Раздался звонок в дверь. Кэрри встала и взяла вазочку с конфетами.

– Кэрри просто обожает приключения, – сказал мистер Уайенн. Он понизил голос. – Вечно пробует что-нибудь новенькое. В ее возрасте бунтарский дух – это естественно.

Фред кивнул, не зная, как понимать эти слова.

Лицо мистера Уайенна потеряло свое дружелюбное выражение, словно с него спала маска.

– Пойми, у нее сейчас такой период. И ты – лишь часть… – он неопределенно махнул рукой, – часть того, чем Кэрри пытается воздействовать на меня. Все это несерьезно, – добавил он. Однако тон его был абсолютно серьезным.

Фред ничего не сказал.

– Я просто хочу, чтобы не было никакого недопонимания, – продолжал мистер Уайенн. – Людям свойственно общаться в своем кругу; надеюсь, ты согласишься.

В прихожей Кэрри ахнула, притворяясь, будто ее напугали гости, затем громко выразила восхищение их маскарадными костюмами[4].

[1] Рейган, Рональд (1911–2004) – 40-й президент США в 1981–1989 годах (прим. пер.).
[2] Свинина му-шу – блюдо китайской кухни из нарезанной свиной вырезки, огурца и яиц, обжаренных в кунжуте или арахисовом масле вместе с небольшими кусочками грибов (прим. пер.).
[3] Тяньаньмэнь – площадь в центре Пекина. С 15 апреля по 4 июня 1989 года на площади проходили акции протеста, главными участниками которых были студенты.
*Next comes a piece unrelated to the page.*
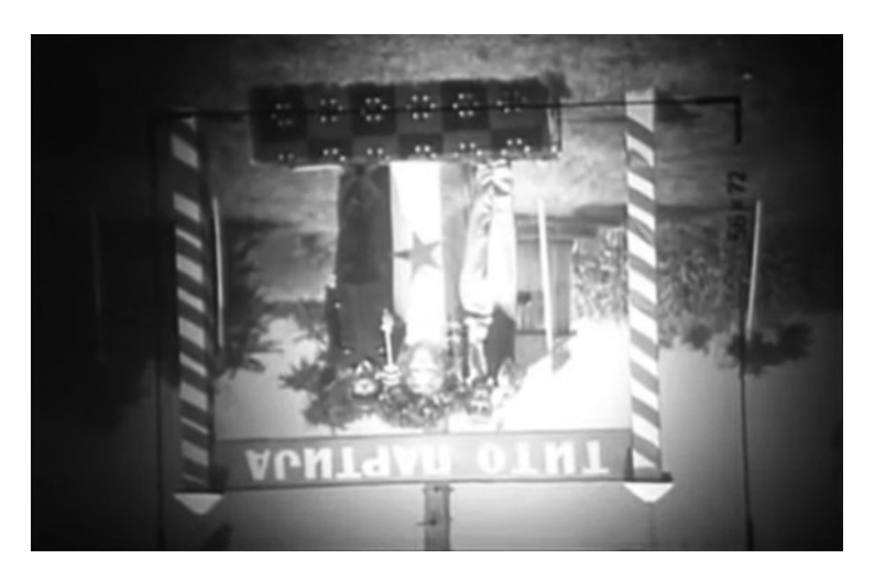
Figure 4.1 The staging of the upside down scene ( Three Tickets to Hollywood , screen grab)

Ранним утром 4 июня, по решению политического руководства страны, выступления были подавлены армией с применением огнестрельного оружия и бронетехники. Оценки числа погибших варьируются от нескольких сотен до нескольких десятков тысяч и тысяч раненых (прим. пер.).
[4] В Европе, и в особенности в Северной Америке, принято на День всех святых наряжаться в маскарадные костюмы, ходить от дома к дому, пугая хозяев, и выпрашивать у них сладости (прим. пер.).